Provided entries Start Marker

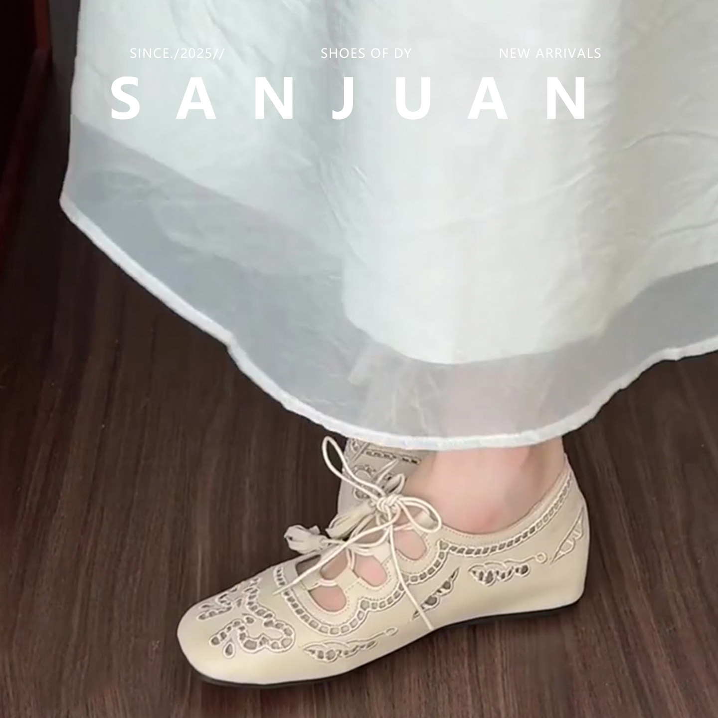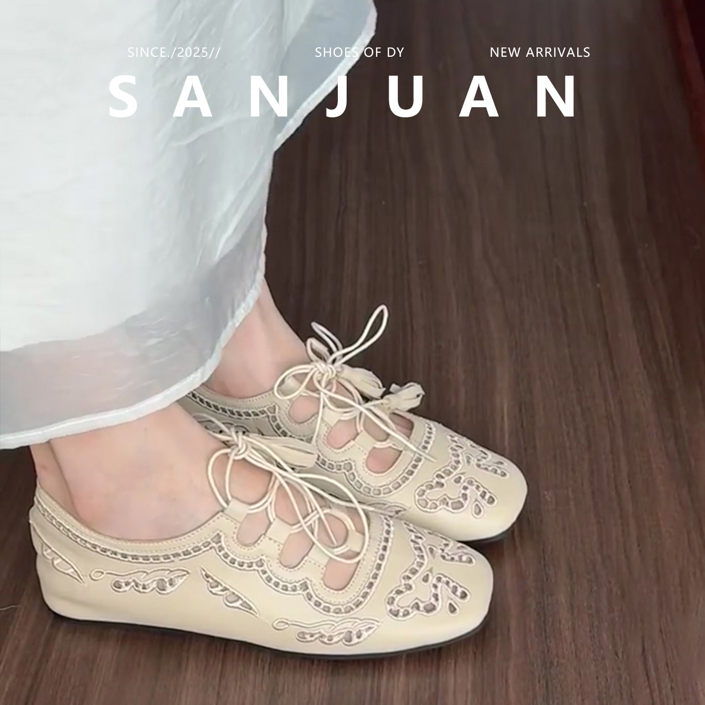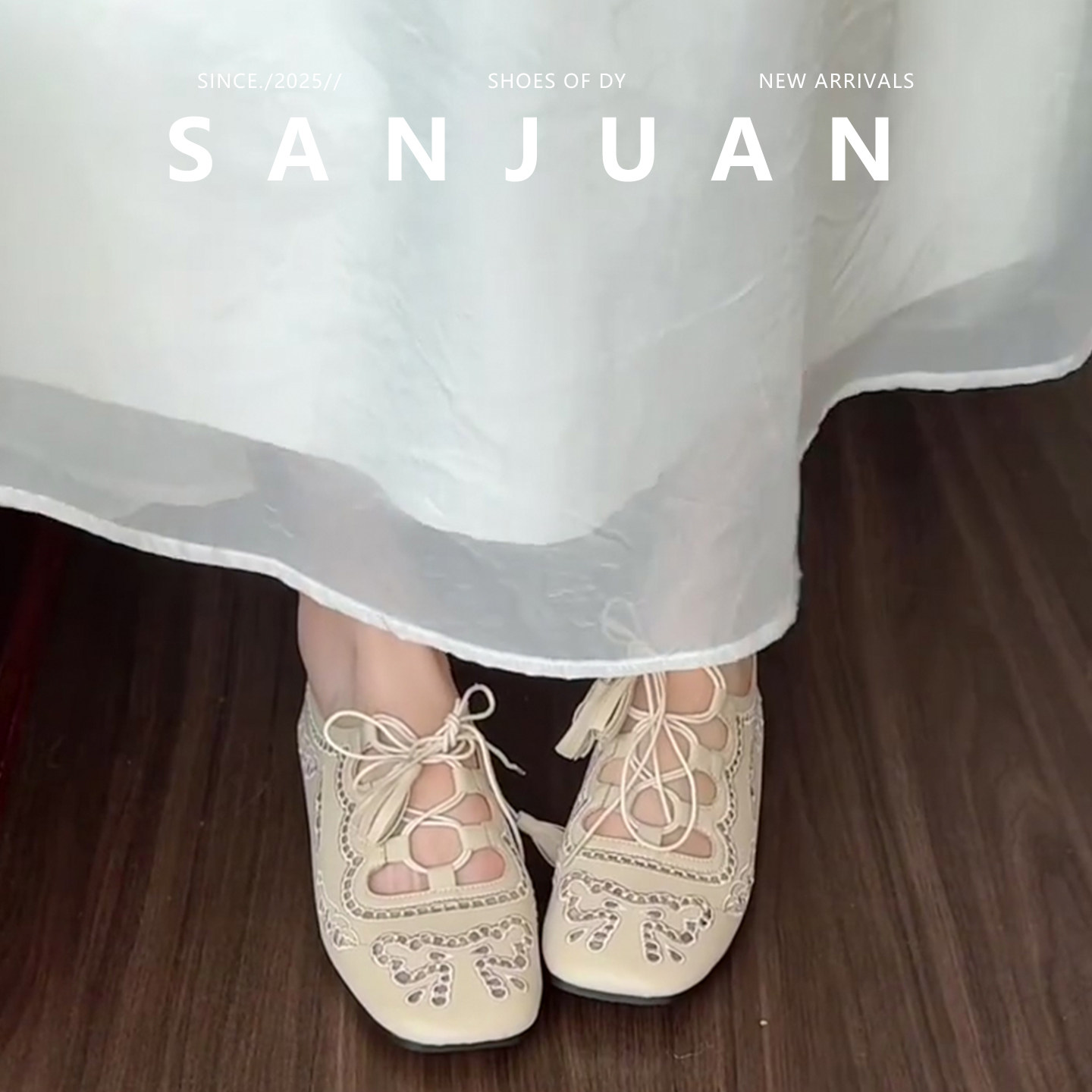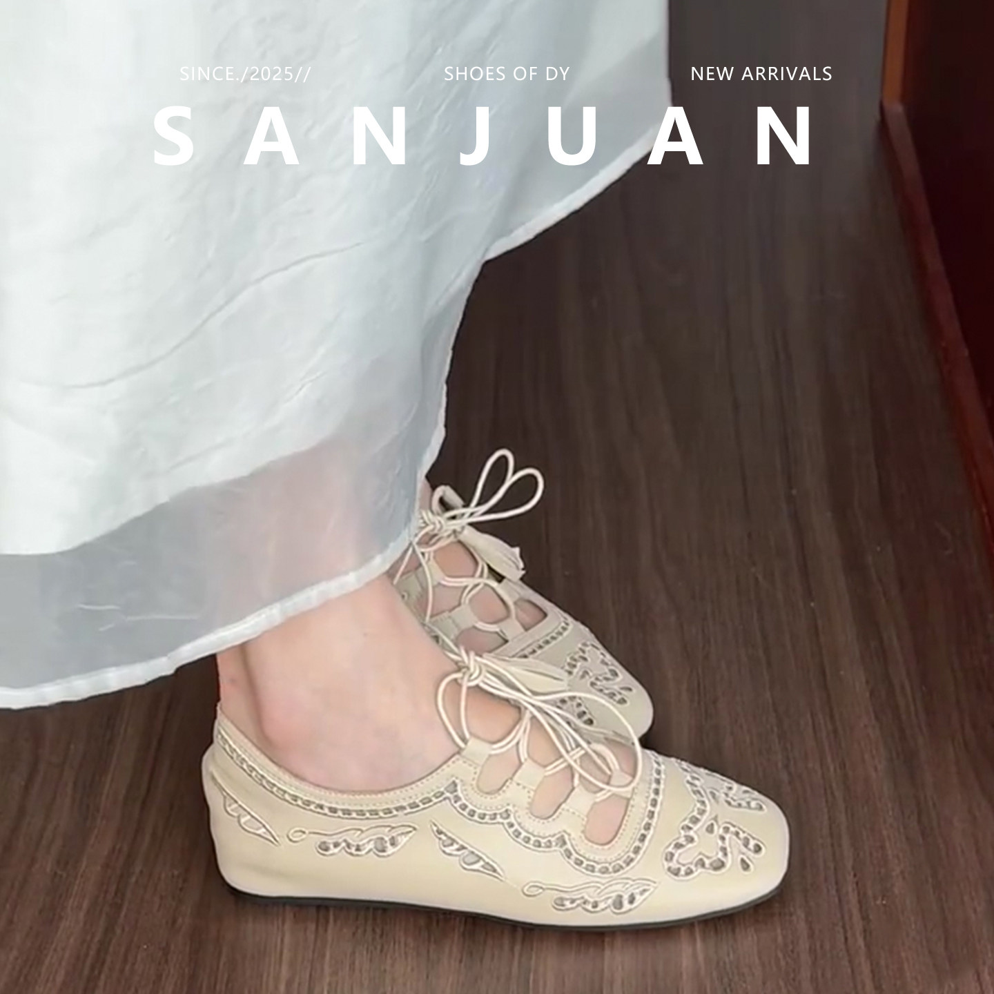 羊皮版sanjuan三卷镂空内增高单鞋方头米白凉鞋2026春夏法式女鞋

Provided entries End Marker
Provided entries Start Marker

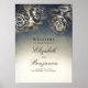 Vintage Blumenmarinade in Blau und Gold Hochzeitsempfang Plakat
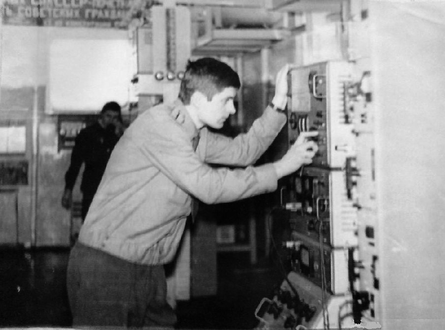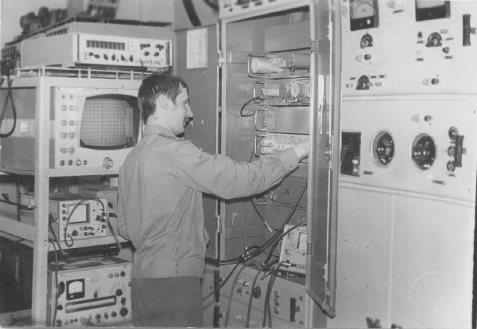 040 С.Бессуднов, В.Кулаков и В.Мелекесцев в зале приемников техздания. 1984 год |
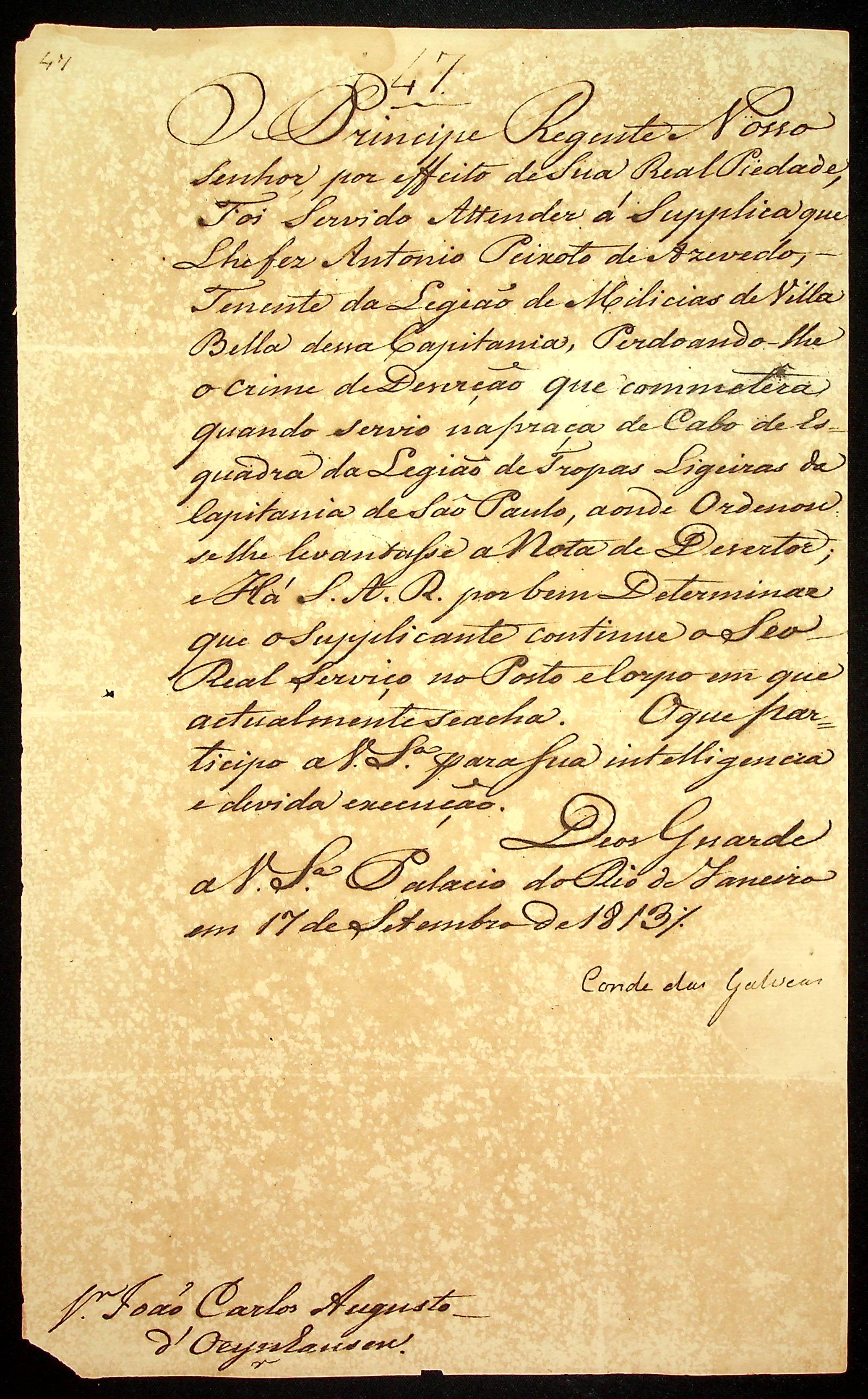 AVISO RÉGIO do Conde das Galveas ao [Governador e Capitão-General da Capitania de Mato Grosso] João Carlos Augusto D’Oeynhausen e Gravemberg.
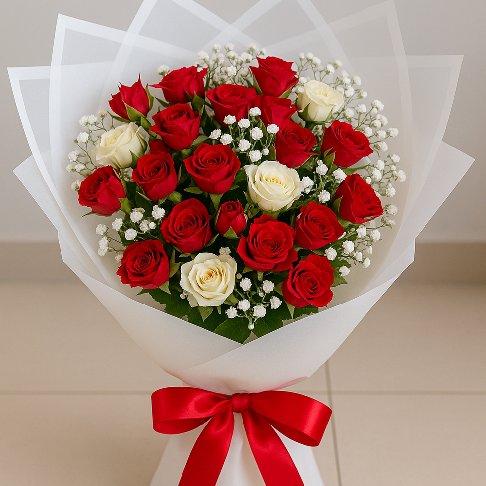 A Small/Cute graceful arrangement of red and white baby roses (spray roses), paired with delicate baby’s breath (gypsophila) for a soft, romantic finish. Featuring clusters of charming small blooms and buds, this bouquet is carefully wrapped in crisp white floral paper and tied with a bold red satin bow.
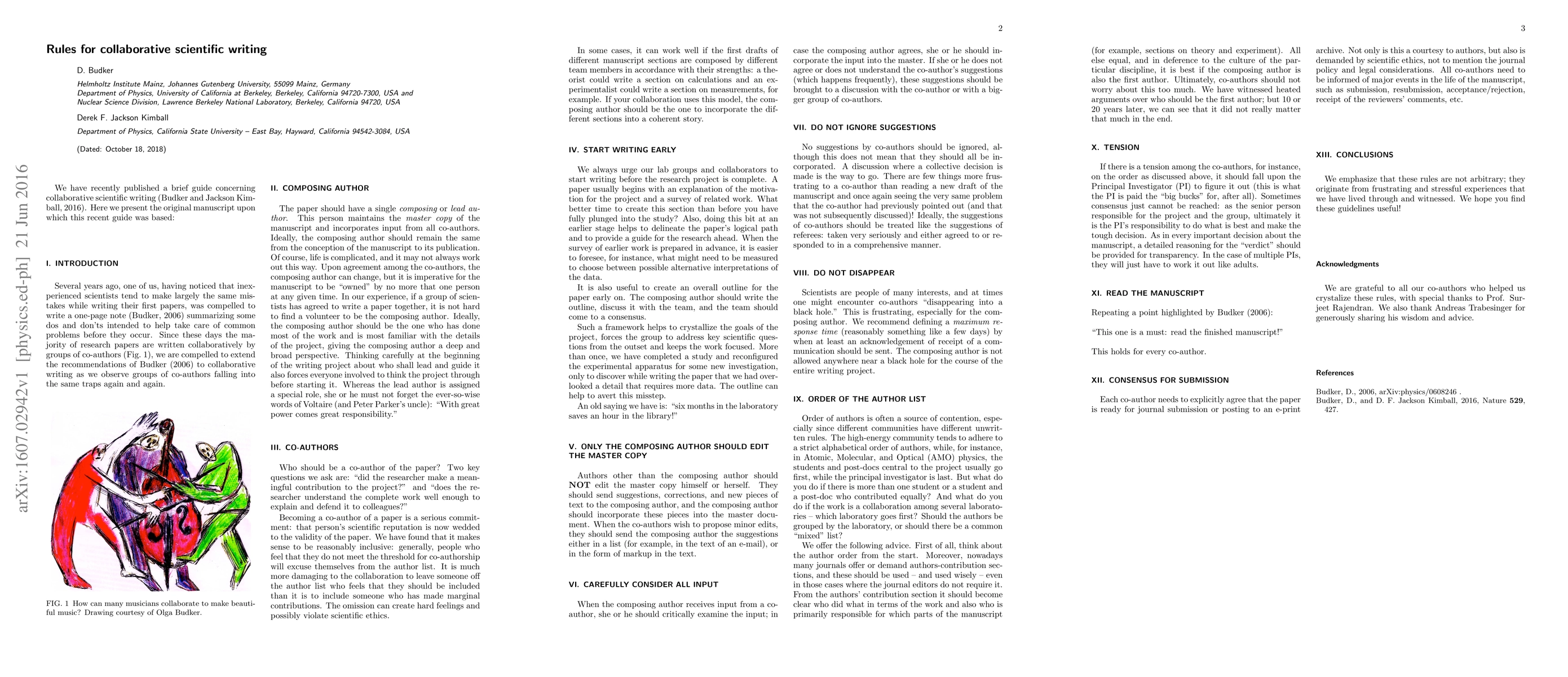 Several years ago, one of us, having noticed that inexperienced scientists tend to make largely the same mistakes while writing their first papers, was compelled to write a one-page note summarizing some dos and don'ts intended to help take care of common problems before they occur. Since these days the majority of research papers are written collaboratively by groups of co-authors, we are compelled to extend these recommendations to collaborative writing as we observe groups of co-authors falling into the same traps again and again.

Provided entries End Marker

Copy everything above from the line holding "040 С.Бессуднов, В.Кулаков" down to the line holding "Several years ago, one", both ends included, exactly as it stands and without the pictures.

 040 С.Бессуднов, В.Кулаков и В.Мелекесцев в зале приемников техздания. 1984 год |
 AVISO RÉGIO do Conde das Galveas ao [Governador e Capitão-General da Capitania de Mato Grosso] João Carlos Augusto D’Oeynhausen e Gravemberg.
 A Small/Cute graceful arrangement of red and white baby roses (spray roses), paired with delicate baby’s breath (gypsophila) for a soft, romantic finish. Featuring clusters of charming small blooms and buds, this bouquet is carefully wrapped in crisp white floral paper and tied with a bold red satin bow.
 Several years ago, one of us, having noticed that inexperienced scientists tend to make largely the same mistakes while writing their first papers, was compelled to write a one-page note summarizing some dos and don'ts intended to help take care of common problems before they occur. Since these days the majority of research papers are written collaboratively by groups of co-authors, we are compelled to extend these recommendations to collaborative writing as we observe groups of co-authors falling into the same traps again and again.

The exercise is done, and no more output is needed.